由于数据的格式似乎是CATEGORY_1:KEY_1,VALUE_1,CATEGORY_2:KEY_2,VALUE_2 ......我们使用split方法将数据分成每个逗号的字段。

Then we loop through each field, looking for a : character, which tells us that we're reading a CATEGORY:KEY field.

然后我们遍历每个字段,寻找一个:字符,它告诉我们我们正在读一个CATEGORY:KEY字段。

Once we have the CATEGORY:KEY field, we know the next field will be the associated value. So we add that to a Python dictionary, which maps keys to values. I chose the OrderedDict dictionary in case the order of the fields is important.

一旦我们有了CATEGORY:KEY字段,我们就知道下一个字段将是相关的值。所以我们将它添加到Python字典中,该字典将键映射到值。我选择了OrderedDict字典,以防字段的顺序很重要。

At the end we read through the dictionary we constructed, looking for the "Detector Gain" fields.
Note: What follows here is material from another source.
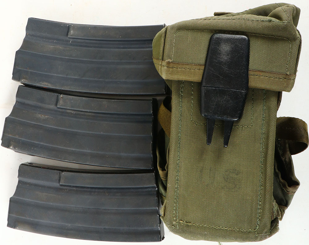 US, LC1 Alice, M16 mag pouch, Nylon, can hold three 30 Rd. M16 Mags, has two pouch's on the sides for grenades, comes with three 20 Rd. Ruger Mini-14 mags. Grade: Excellent - Value: 30 to 60

Then we print them to an outfile - you can see how we open it for writing with a context manager.

最后,我们读完了我们构建的字典,寻找“Detector Gain”字段。然后我们将它们打印到outfile - 您可以看到我们如何打开它以便使用上下文管理器进行编写。

If you're on Python 2 also do from __future__ import print_function.

如果您使用的是Python 2,也可以使用__future__ import print_function。